Abstract
We measured gene expression of paracrine regulators involved in adipocyte differentiation within the stromovascular fraction of abdominal subcutaneous adipose tissue from obese individuals with (n = 30) and without (n = 18) type 2 diabetes mellitus (T2DM). Despite similar adiposity by design, subjects with T2DM had larger adipocytes (0.92 ± 0.28 vs. 0.75 ± 0.17 μl, p < 0.05) than controls. Gene expression of the adipogenic marker aP2 was lower (0.35 ± 0.16 vs. 0.58 ± 0.27 arbitrary units, p < 0.05) whereas the expression of matricellular peptidase, MMP2 was higher (1.65 ± 0.17 vs. 1.27 ± 0.21, p = 0.02) in T2DM vs. controls. The gene expression levels between the aP2 and MMP2 were inversely correlated (r = −0.32, p = 0.03). We conclude that early steps of adipogenesis may be impaired in T2DM independently of obesity due, in part, to an upregulation of the MMP2 transcription.
Keywords: Obesity, Type 2 diabetes, Adipocyte, Fatty acid binding protein aP2, Matrix metalloproteinase
Obesity is associated with an extensive reorganization of adipose tissue including changes in adipogenesis, angiogenesis, extracellular matrix composition, and macrophage content. More specifically, the adipocyte differentiation in subcutaneous adipose tissue decreases with obesity [1]. Based on gene expression data, we suggest that obese individuals with type 2 diabetes (T2DM) have inhibited adipocyte differentiation when compared to obese non-diabetic controls [2]. However, the molecular mechanism of the impaired preadipocyte differentiation in T2DM is not known. It is well established that pro-inflammatory cytokines, chemokines, and proteolytic factors modulate adipocyte differentiation by paracrine mechanisms. Such factors are produced primarily by distinct cellular populations that comprise the stromovascular fraction (SVF) of adipose tissue (preadipocytes, mesenchymal stem cells, endothelial cells, smooth muscle cells, and infiltrating macrophages) and, to a lesser extent, by adipocytes [3,4]. Modified sensitivity of preadipocytes to adipogenic growth factors or hormones seems to also play a role [5]. In the present study, we asked whether the genes of selected pro-inflammatory and matricellular proteins, hormones, and/or molecules from selected signaling pathways are differentially expressed in the SVF of subcutaneous abdominal adipose tissue in obese diabetic vs. obese non-diabetic individuals.
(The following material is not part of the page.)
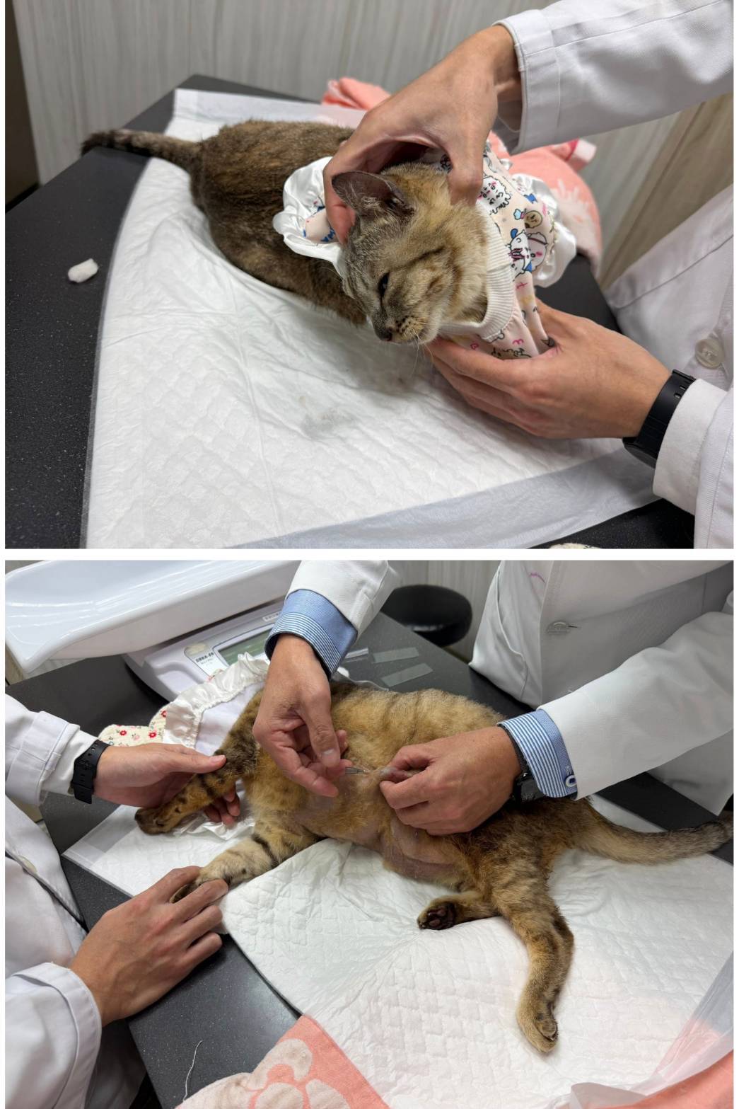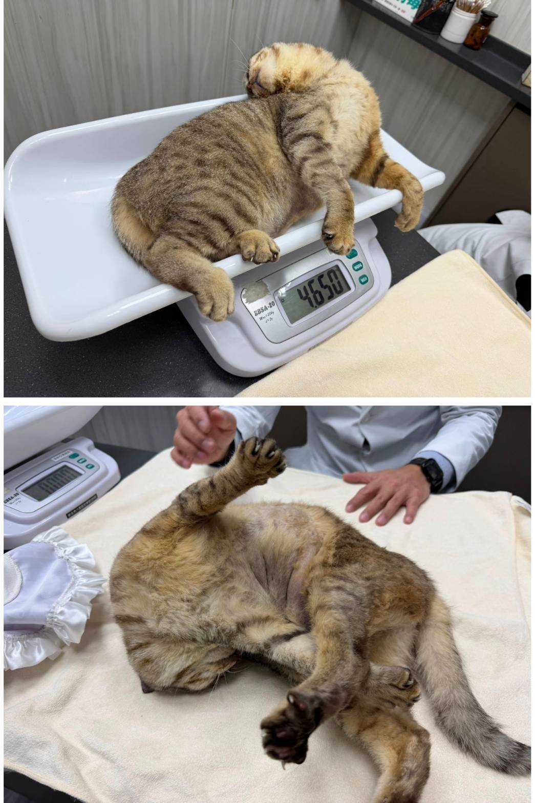 近期於2025年12月10日回診,醫生表示血檢正常但體重增重太多,需減少灌食量,同時因右耳長期往下所以耳藥無法有效停留,所以仍有酵母菌問題需加強耳劑量,一日仍需維持2次清潔。身上黴菌已有改善,僅有尾巴尖端有黴菌已於現場剃毛處理。此次因體重增加所以會再做藥物調整。
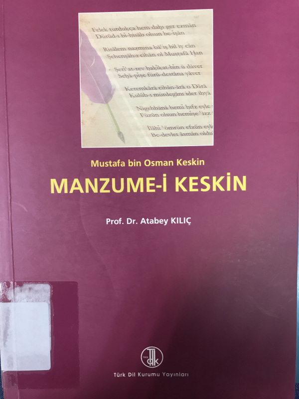 Manzume-i Keskin : Türkçe, Arapça, Farsça Manzum sözlük / Mustafa bin Osman Keskin, Atabey Kılıç.

The selected genes were interleukin-6 (IL-6); tumor necrosis factor α (TNFα); CD68 (a member of the scavenger receptor superfamily expressed in macrophages and mast cells); monocyte chemotactic protein-1 (MCP1); macrophage migration inhibitory factor (MIF); macrophage inflammatory protein-1-α (MIP1A); stress-activated protein kinase JNK-1; IKKβ (an IκB kinase that activates the nuclear factor NFκB, a regulator of cytokine and chemokine gene transcription); matrix metalloproteinase-2 (MMP2, a gelatinase A or a type IV collagenase); and 11 β-hydroxysteroid dehydrogenase type 1 (11β-HSD1; enzyme that converts cortisone to cortisol). Furthermore, we hypothesized that these differentially expressed genes would relate to the expression of adipogenic markers, such as human adipocyte fatty acid binding protein (aP2).
Research design and methods
Subjects
Thirty Caucasian individuals with T2DM (fasting blood glucose < 180 mg/dl) with no history of insulin or thiazolidinediones treatment and 18 individuals without T2DM were recruited in research centers in Baton Rouge, Pittsburgh, and New York. All subjects were aged 45–75, and were overweight or obese (BMI 27–40 kg/m2). Both groups were balanced for sex representation. The T2DM subjects were participants in the multi-center Look AHEAD randomized clinical trial [6]. The protocol was approved by each center’s Institutional Review Board.
Experimental protocol
Total percent body fat and the proportion of visceral to subcutaneous abdominal fat were measured by dual energy X-ray absorptiometry (DXA; Hologics QDR 4500A) and single-slice computed tomography of the abdomen, respectively. Approximately 250–350 mg of subcutaneous adipose tissue was obtained by needle biopsy as previously described [2]. A 50–100 mg sample was frozen for RNA isolation, ~50 mg was placed in osmium tetraoxide for adipocyte sizing, and the remaining adipose tissue was enzymatically digested to isolate SV cells. Insulin sensitivity was assessed by a 3-h hyperinsulinemic–euglycemic clamp with a primed-constant insulin infusion at 80 mU/m2/min. After adjustment for differences in plasma glucose and insulin concentrations at steady state, the glucose disposal rate was normalized for fat-free mass.
Average adipocytes size
The adipocyte diameter was measured using a Multisizer-3 (Beckman Coulter, Fullerton, CA, USA) as previously described [7], and the average adipocyte volume (μL) of cells with diameters >22 μm was calculated.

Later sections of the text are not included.